## TASK INSTRUCTIONS
Repeat exactly, and nothing more, the lines from the one that includes "前後に深めのタックを入れ、腰まわりをふわりとカバーしながら、" through the final line of the entries; skip the pictures.

## GIVEN RECORDS
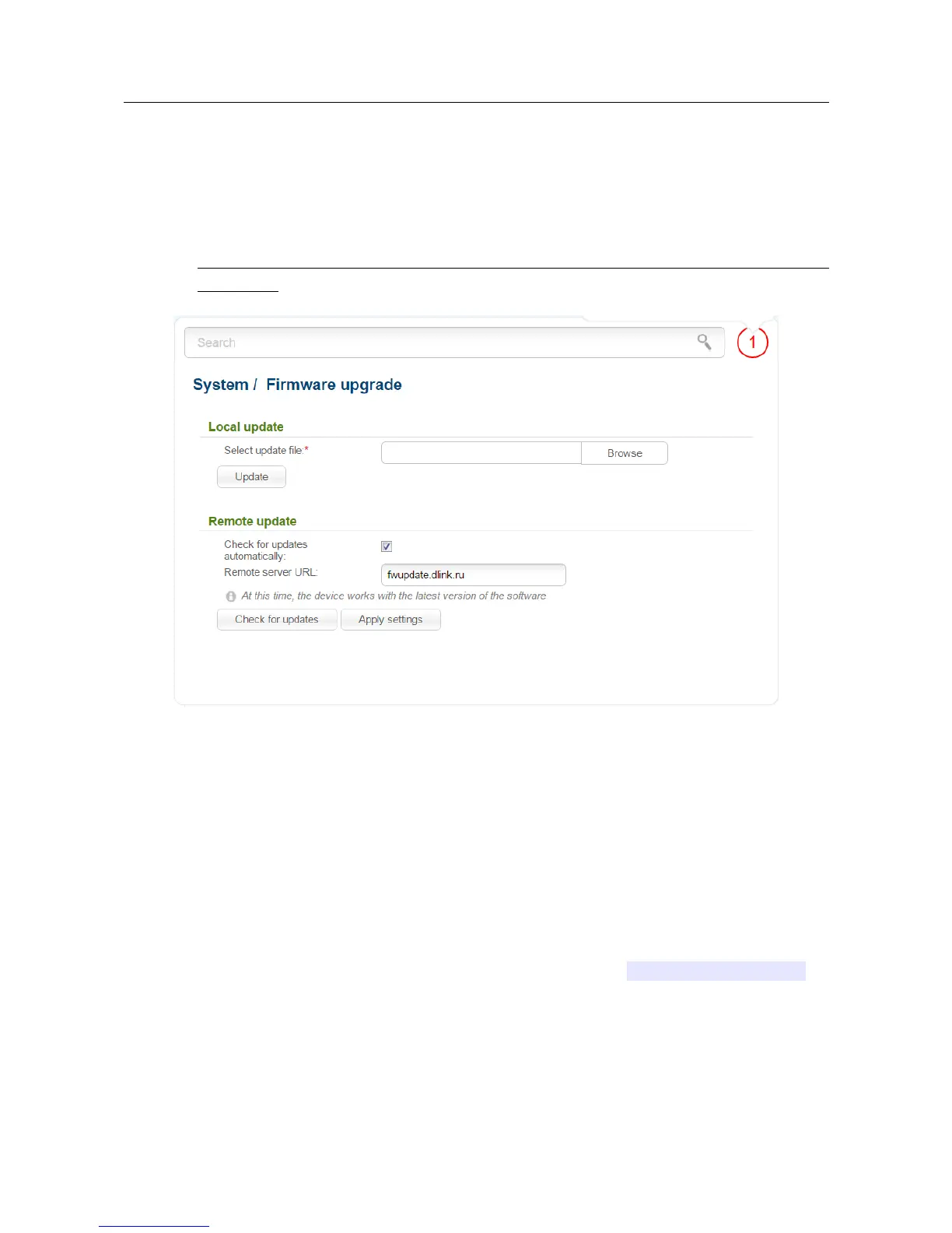 in the Remote server URL field, the D-Link update server address (fwupdate.dlink.ru) is
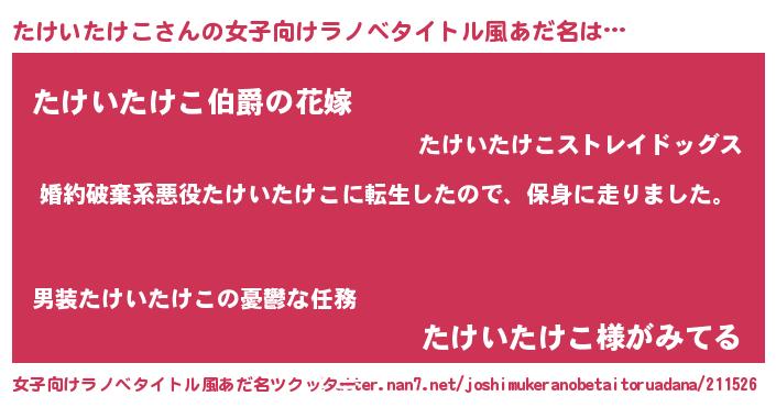| 肩書あだ名 | 『たけいたけこ中将』『たけいたけこ閣下』 |
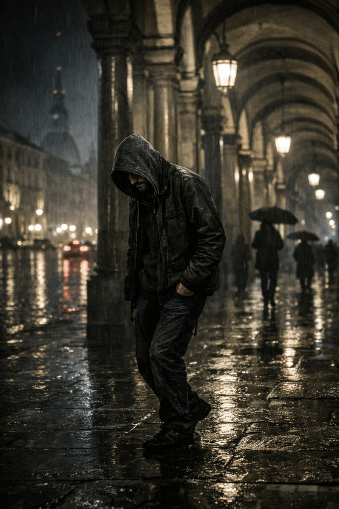 Carnival resta in piedi sotto i portici. Torino vibra appena, come se sotto le pietre ci fosse qualcosa che respira male da molto tempo e…
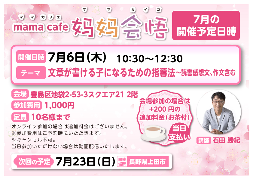 7月6日(木) 10:30〜12:30 7月のテーマ 文章が書ける子になるための指導法……
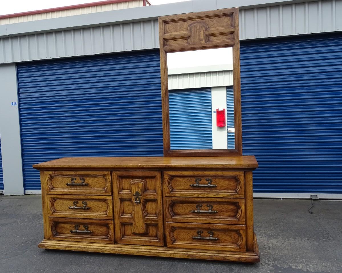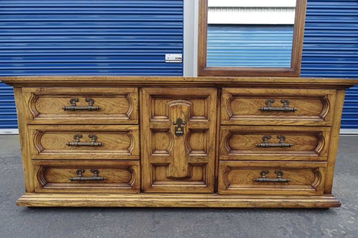 Vintage Burlington Traditional Dresser with side mirror and cross on middle door
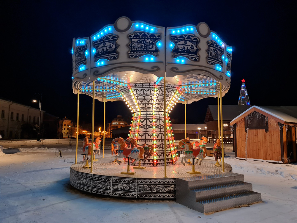 Можно почувствовать себя героем фильма, или сказки, настолько романтичной является эта карусель. Карусель можно с легкостью установить как в торговых и развлекательных центрах, так и в парках. Она станет излюбленным местом отдыха всей семьи!
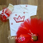 Продаю комплект на годик-полтора. В комплект входит пышнючая юбка-пачка из фатина, футболочка х/б, расшитая вручную пайетками. Можно так же отдельно приобрести повязочку с пышным бантом.
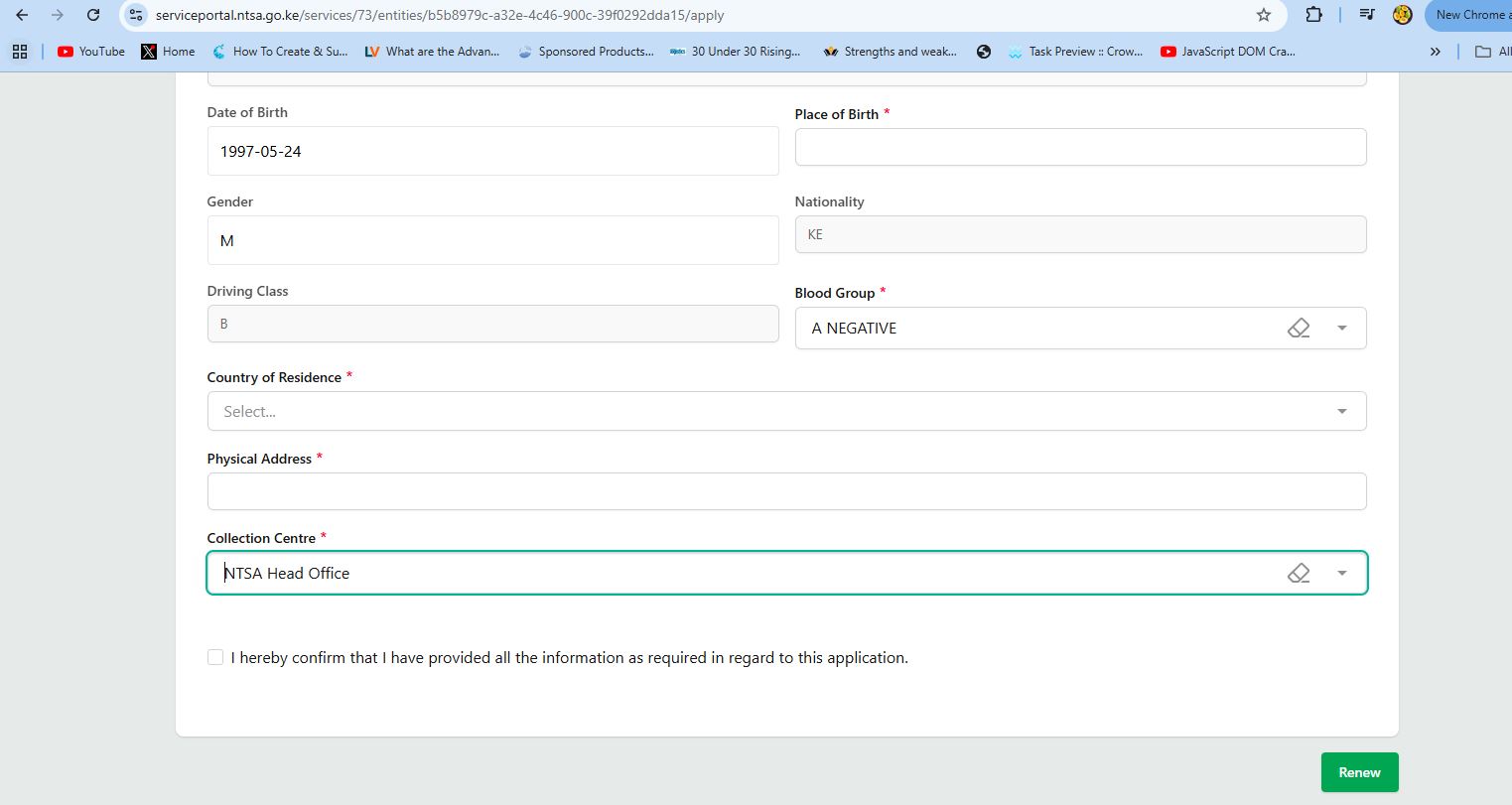 Applicants must select the NTSA office where they will later collect their smart driving licence.
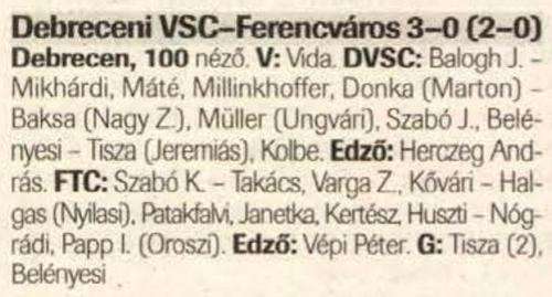 Debrecen, 7.000 néző, vezette: Kassai (Erős, Kelemen)
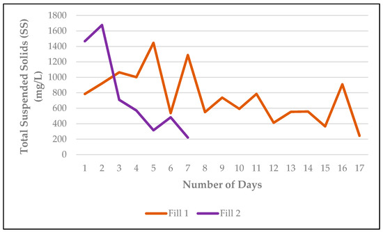 For both of the fills, the final SS level that was achieved was significantly different from the original level (p < 0.01), but nevertheless remained above the ecological trigger value of <50 NTU (equivalent here to an SS of 78.3) within a week of startup (Figure 7) [58]. Of particular concern was the persistence and variation in SS release for Fill 1 as compared to Fill 2, suggesting that even if low absolute SS levels were achieved at startup, the matrix might remain unstable. A basic soil examination of the fills suggested that instability might have resulted from low particulate traction based on the high smooth-to-sharp fines ratio in the mix, as a result of the inclusion of river-dredged sand.
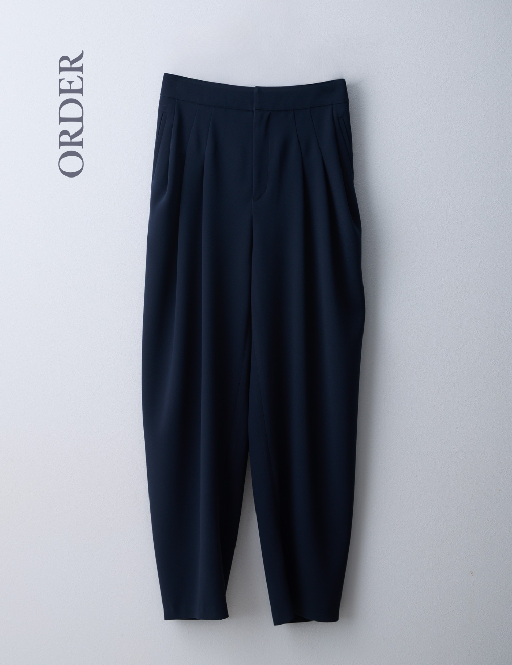 前後に深めのタックを入れ、腰まわりをふわりとカバーしながら、
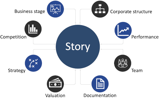 At easyCapital, we like to determine what is the appropriate "story" to make the opportunity attractive to investors. A number of factors will each contribute to the story, as shown here.
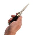 Такой аксессуар, как выкидной нож Аль Капоне (арт. B195-34), уместен не только в городе, но и на природе. Замок Lever-Lock обеспечивает удобство и безопасность при использовании одной рукой, предотвращая случайное открытие. Благодаря этому, нож идеально подходит как для ежедневного использования, так и для особых случаев.
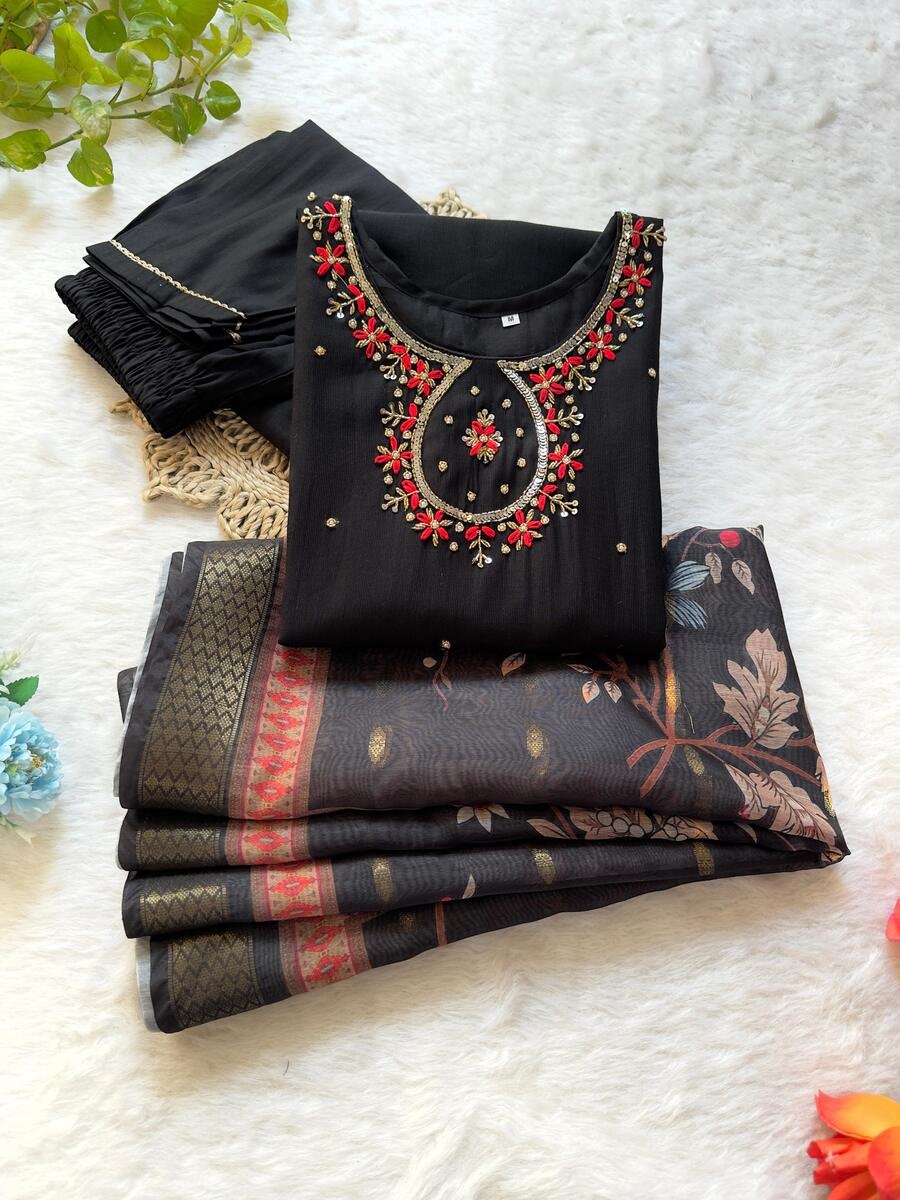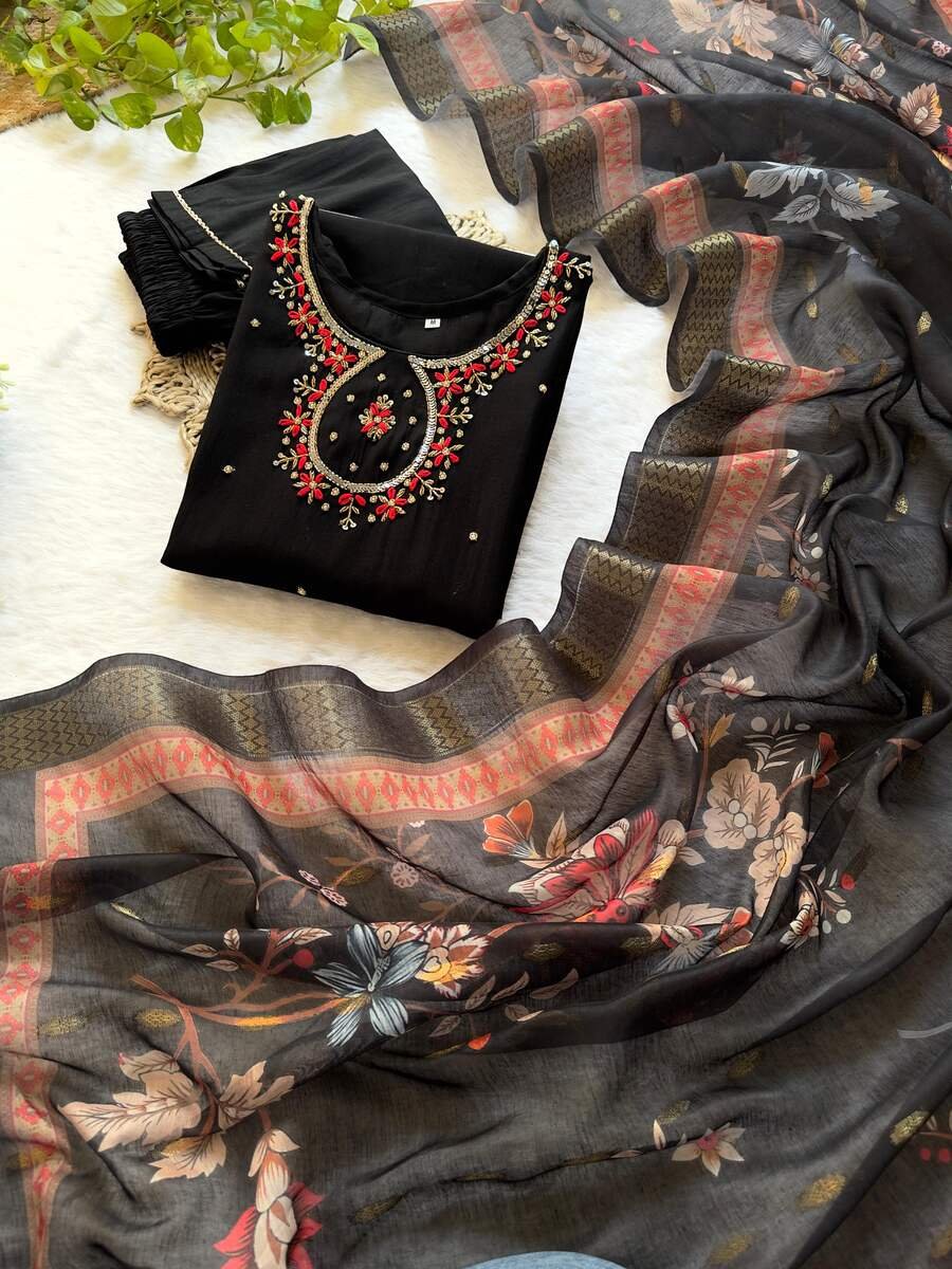 FASHIONABLE SOFT SILK THREAD SEQUENCE HAND WORK TOP BOTTOM WITH DUPATTA BLACK
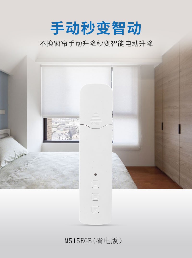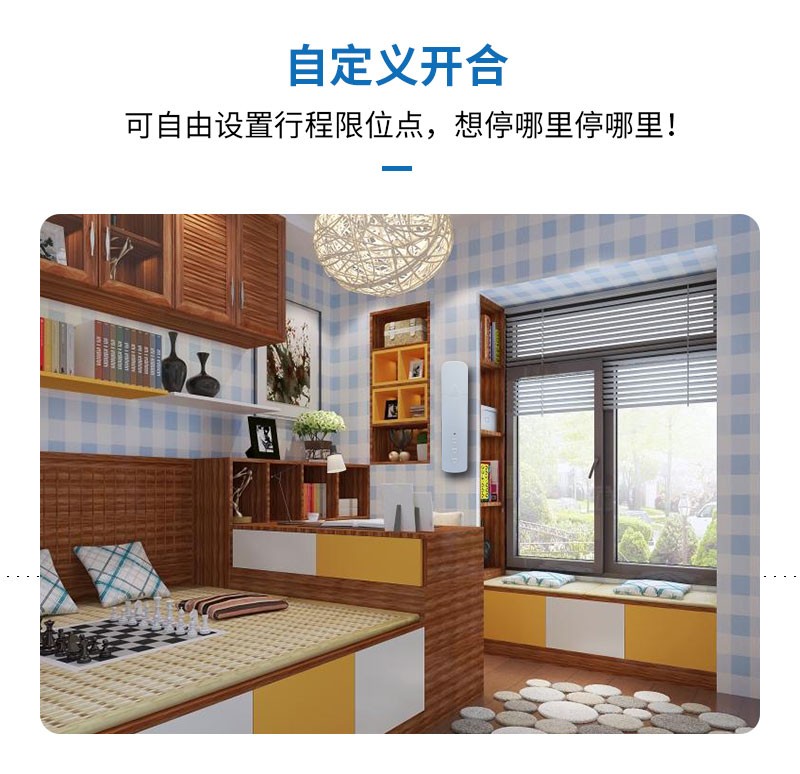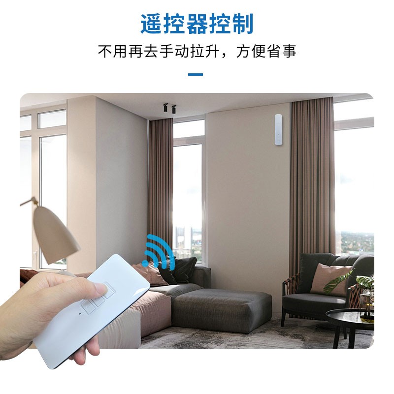 此產(chǎn)品適用于拉珠卷簾,可以把傳統(tǒng)的拉珠卷簾改變?yōu)橹悄茈妱哟昂煟惭b簡單,操作方便。安裝后可通過遙控器、語音、手機APP等控制窗簾升降。

## FINISHED TASK
 前後に深めのタックを入れ、腰まわりをふわりとカバーしながら、
 At easyCapital, we like to determine what is the appropriate "story" to make the opportunity attractive to investors. A number of factors will each contribute to the story, as shown here.
 Такой аксессуар, как выкидной нож Аль Капоне (арт. B195-34), уместен не только в городе, но и на природе. Замок Lever-Lock обеспечивает удобство и безопасность при использовании одной рукой, предотвращая случайное открытие. Благодаря этому, нож идеально подходит как для ежедневного использования, так и для особых случаев.
 FASHIONABLE SOFT SILK THREAD SEQUENCE HAND WORK TOP BOTTOM WITH DUPATTA BLACK
 此產(chǎn)品適用于拉珠卷簾,可以把傳統(tǒng)的拉珠卷簾改變?yōu)橹悄茈妱哟昂煟惭b簡單,操作方便。安裝后可通過遙控器、語音、手機APP等控制窗簾升降。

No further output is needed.